▶ _Task details_: Word for word, restate each of the entries below, and drop every picture.

▶ _Entries provided_:
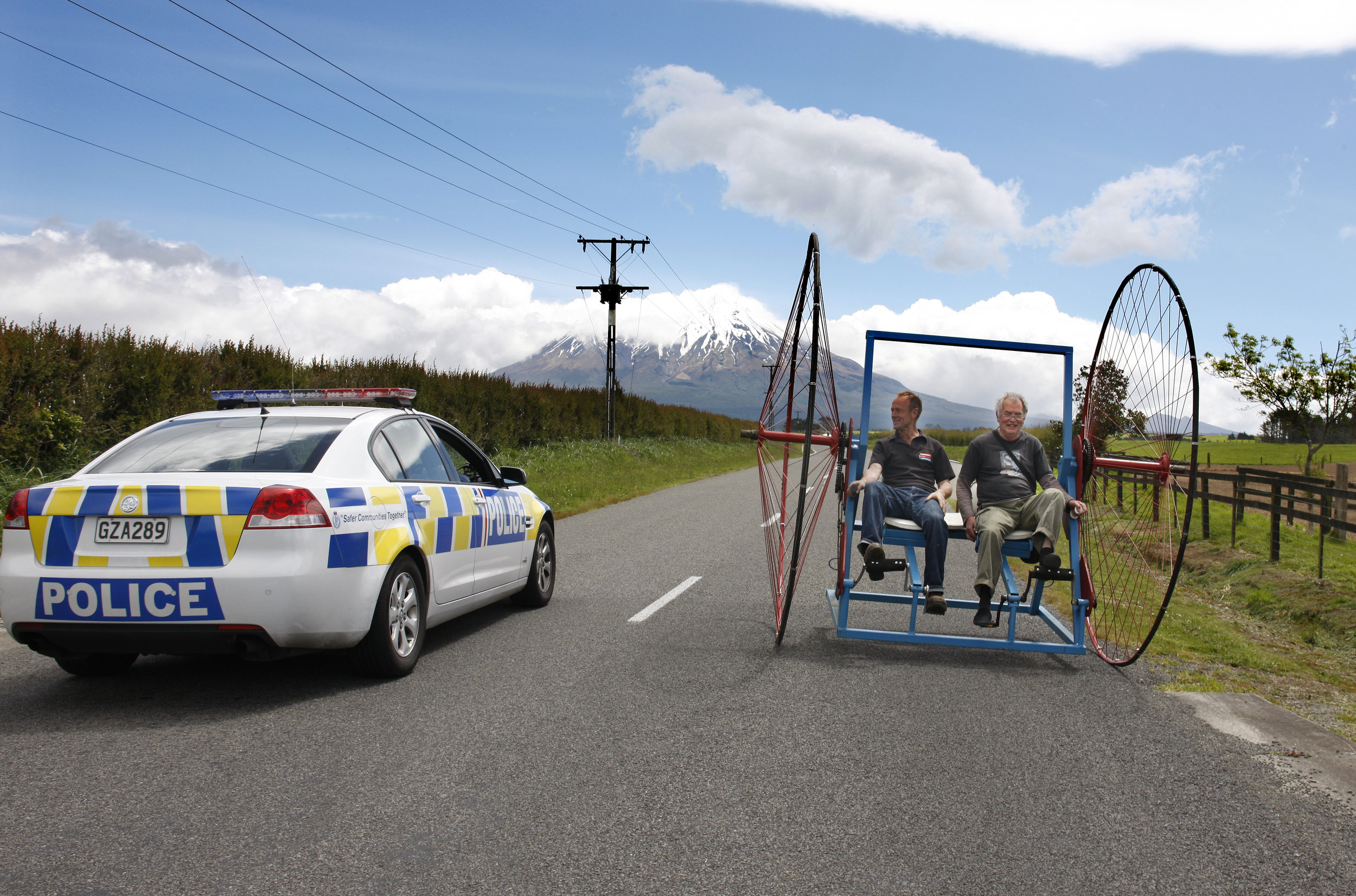Now parked alongside his Taranaki milking shed is his latest machine—his Spring project—a giant pedal-driven two wheeled device that really defies description. The machine took a month to put together.
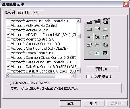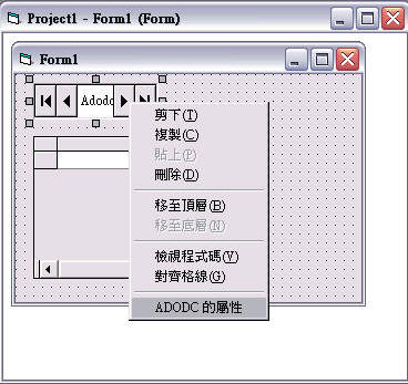 我用ado data control 和 datagrid 做示範,先加入這些控制項。
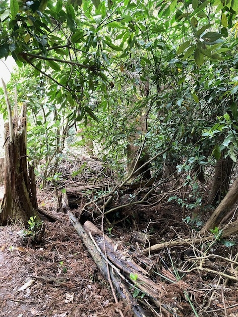 頭上を杉とウワミズザクラの倒木が来るものを見張っているようだ。
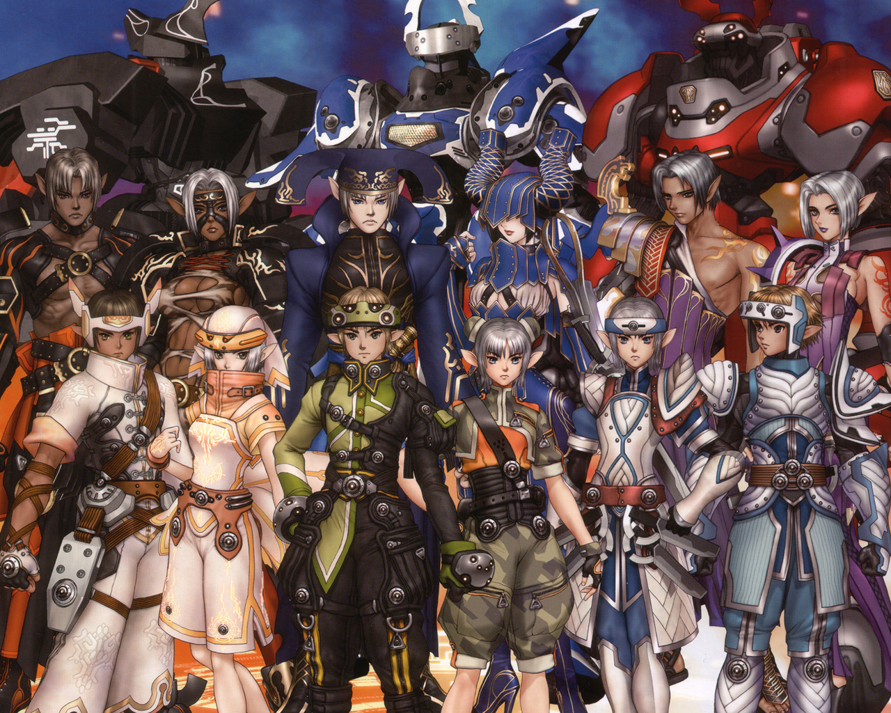 Description: A group of anime characters standing next to each other in front of a blue background with a sky background.
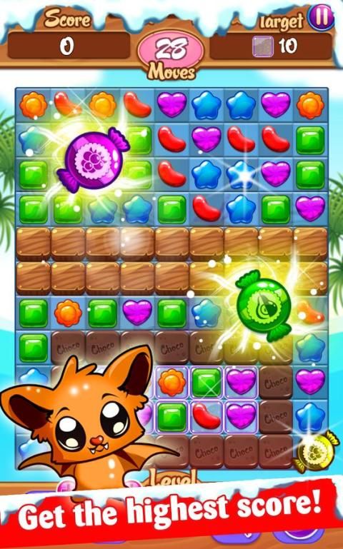 Play Candy Blast now, a great match 3 puzzle game with cute arts and effects.
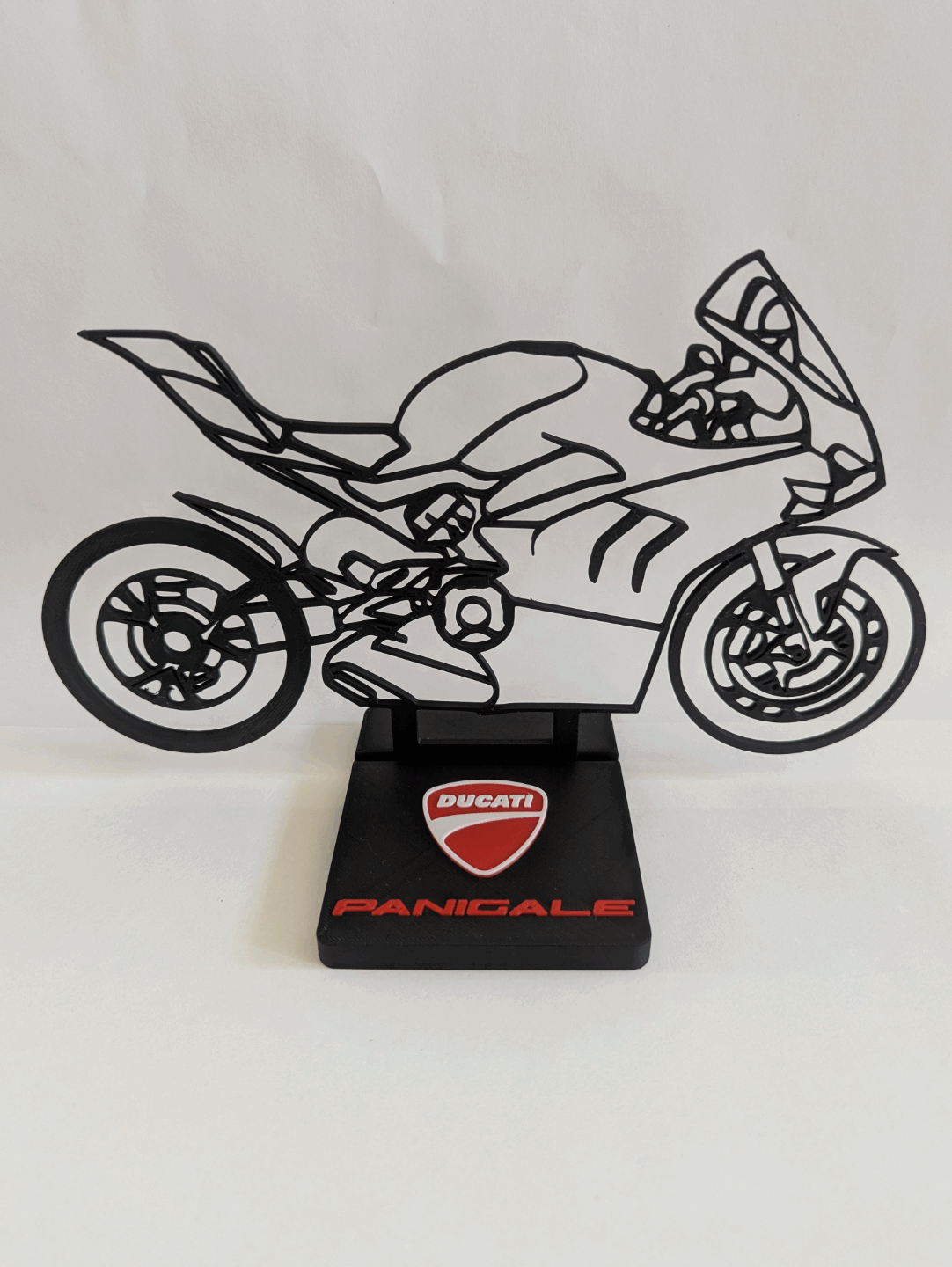 Acabamento Premium: Acompanha uma base elegante com o logotipo da Ducati e o nome “Panigale” em relevância, garantindo estabilidade e um visual imponente.

▶ _Solution to the exercise_:
Now parked alongside his Taranaki milking shed is his latest machine—his Spring project—a giant pedal-driven two wheeled device that really defies description. The machine took a month to put together.
 我用ado data control 和 datagrid 做示範,先加入這些控制項。
 頭上を杉とウワミズザクラの倒木が来るものを見張っているようだ。
 Description: A group of anime characters standing next to each other in front of a blue background with a sky background.
 Play Candy Blast now, a great match 3 puzzle game with cute arts and effects.
 Acabamento Premium: Acompanha uma base elegante com o logotipo da Ducati e o nome “Panigale” em relevância, garantindo estabilidade e um visual imponente.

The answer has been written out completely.